Major changes are proposed in the rules of The Nigerian Stock Exchange. This is good, if only for the fact that it would enable the market to adjust to internal and external developments impacting on its operations. The problem is that the commnication flow on this all-important issue has been decidedly one-sided. It makes you wonder what manner of discussion is going on by way of public response to the advertised priority initiatives. In fact, to talk of a discussion is to exaggerate the situation; there is no discussion going on, except for the self-serving kicks from ASHON with regard to the issue of licensing requirements and reclassification of market intermediaries.
Nothing has been said on the draft Revised Listing Rules. Zilch on the issue of New Symbol Tags and zippo on Share Buy-Back, among other initiatives. As has been pointed out, stockbrokers have only spoken - painfully narrowly - on the issues as they understood them to affect their members, forgetting that by their profession and the nature of their business everything in the market should attract their attention and their response to emerging issues should be comprehensive, rather than selective. Apart from ASHON, you would expect CIS (or the informal Capital Market Roundtable) to be the fulcrum of discussion on issues pertaining to the market, but what we see is a shameless pre-occupation with afghanistanism. They chase rats while their house is on fire! But we digress.
On the draft Listing Rules, you want to ask why the public float has been reduced to 20%. Is this informed by the logic of markets or mere acquiescence with the powerful forces in the system? It would be interesting and enriching for the system to hear a decent argument for and against this proposal. How about the Lock Up Period? That lacks clarity. Is it 50% of shares held by promoters or 50% of the share capital of the company? If it is 50% of the shares held by the promoters, the proposed rule is redundant because from our recent experience, rogue promoters did not have to sell down to 50% of their pre-IPO holding to make their killing in the market. In any case, how does this proposed rule affect venture capitalists who may seek liquidity through stock exchange listing?
On accounting standards, it was said that "International Financial Reporting Standards in line with SEC regulations" would apply. The question is, does SEC regulate IFRS? Does SEC in Nigeria direct the adoption of IFRS by Nigerian companies? On this issue of accounting standards and IFRS, why is the applicable accounting standard for ASEM companies different from the one for Main Board companies and subject to Financial Reporting Council Standards? Would IFRS operate in Nigeria without adoption by Nigerian Financial Reporting Standards Council? What is our definition of ASEM companies today? Are they still small companies that cannot bear the high costs of IFRS compliance?
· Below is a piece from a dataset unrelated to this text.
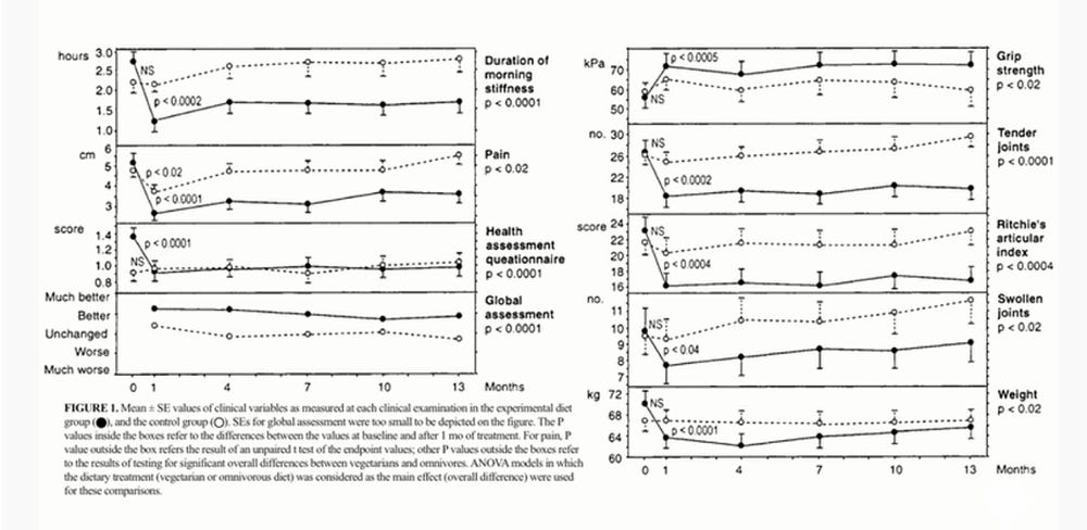 Man sieht deutlich, dass die 2. Gruppe (durchgezogene Linie in den Diagrammen) durch Ernährungsumstellung enorme Verbesserungen in jeder Kategorie zeigte. Ein wirklich sehr interessantes Ergebnis, dass uns allen zu denken geben sollte.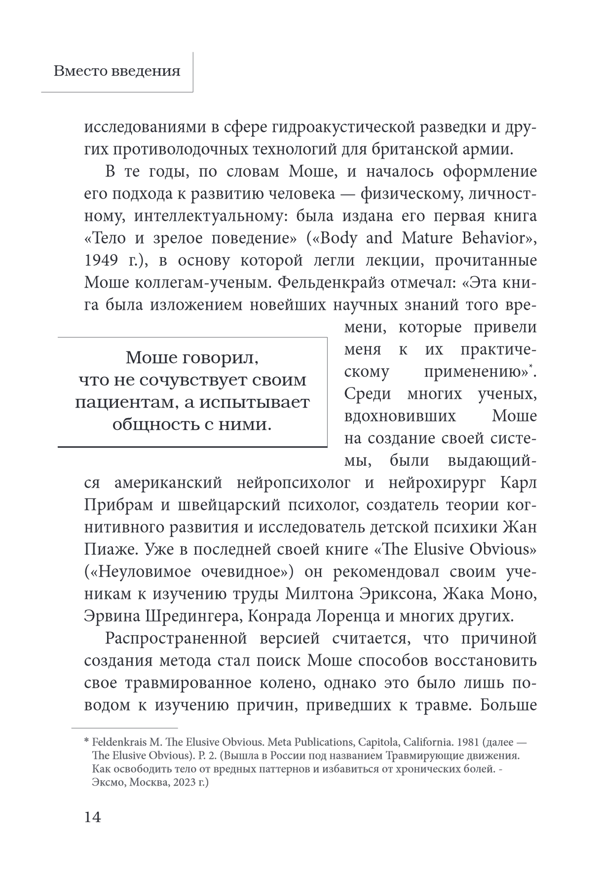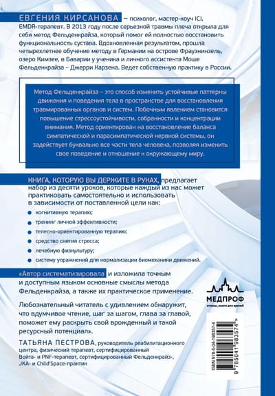 Автор, ученица школы Фельденкрайза, рассказывает, как возможно применить Метод Фельденкрайза на практике и добиться улучшения эмоционального, когнитивного, физического качества жизни, достигаемого за счёт раскрытия человеком своего врождённого потенциала.

Furthermore, on the issue of observing continuing listing obligations, dual-listed companies were excused the burden of interim reports if they are listed on "foreign stock exchanges with WFE status". If WFE does not make quarterly reporting compulsory for companies listed on its member exchanges, why are Nigerian companies being subjected to the burden of quarterly reporting? Whatever happened to the principle of level playing field if we can discriminate so brazenly against Nigerian companies? And it is not even like the foreign companies with secondary listing on The Nigerian Stock Exchange are doing us a great favour. Yes by listing here they are adding to the mix of instruments in our market and boosting our market capitalisation, but at the end of the day they are taking capital out of our economy, at least in theory. What more, even the draft rule says they do not have to have business operation in Nigeria, as if incorporation under CAMA is simply about operating a business in Nigeria only. It's principally about regulation in areas far removed from actual operation of the business. The other issue on this matter of exempting dual-listed companies from the interim reporting requirement is how it affects Nigerian companies like Oando which have secondary listing on WFE-member exchanges. Should they say goodbye to interim reporting?
One did not read anything about financial forecasts by listed companies. Has this been put in the rubbish bin?
Finally, there are issues with the proposed symbol tags for company compliance status. More information is needed on the categorisation. Beyond providing justification for each symbol, the nagging question is - what goes with each symbol in terms of its implication for trading in the shares of an affected company?